- [Required work]: An exact repetition of the data below, without images, is the expected answer.

- [Supplied information]:
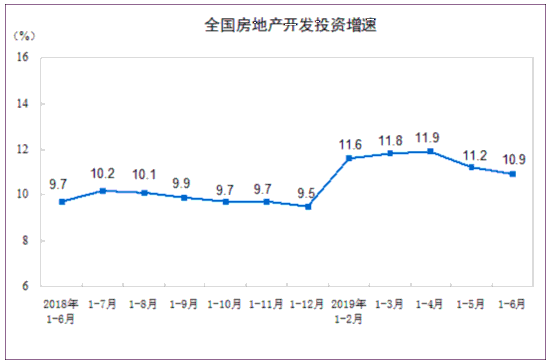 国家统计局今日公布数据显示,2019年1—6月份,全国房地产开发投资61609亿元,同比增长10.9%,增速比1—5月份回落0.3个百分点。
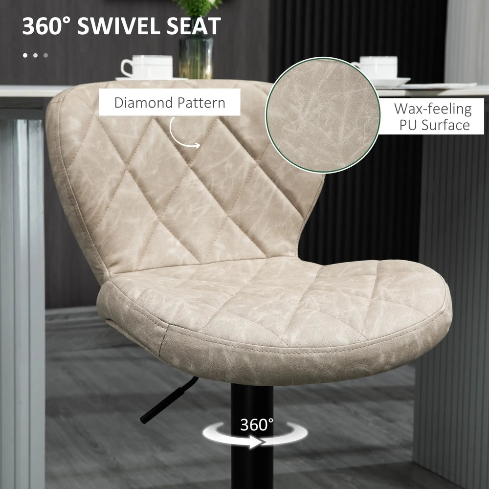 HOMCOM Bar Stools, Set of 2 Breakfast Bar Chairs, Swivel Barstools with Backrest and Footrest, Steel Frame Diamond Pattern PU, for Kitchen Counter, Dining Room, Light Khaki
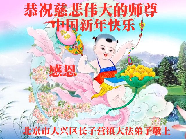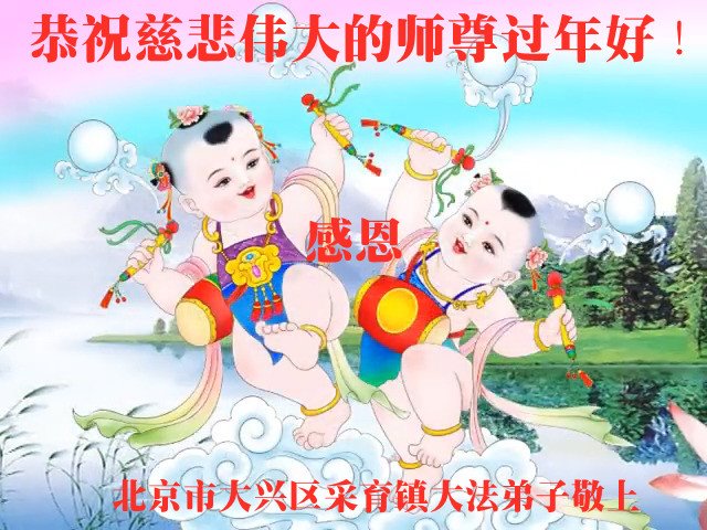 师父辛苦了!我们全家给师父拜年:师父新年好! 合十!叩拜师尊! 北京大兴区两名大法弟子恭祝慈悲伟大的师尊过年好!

- [Response to this task]:
 国家统计局今日公布数据显示,2019年1—6月份,全国房地产开发投资61609亿元,同比增长10.9%,增速比1—5月份回落0.3个百分点。
 HOMCOM Bar Stools, Set of 2 Breakfast Bar Chairs, Swivel Barstools with Backrest and Footrest, Steel Frame Diamond Pattern PU, for Kitchen Counter, Dining Room, Light Khaki
 师父辛苦了!我们全家给师父拜年:师父新年好! 合十!叩拜师尊! 北京大兴区两名大法弟子恭祝慈悲伟大的师尊过年好!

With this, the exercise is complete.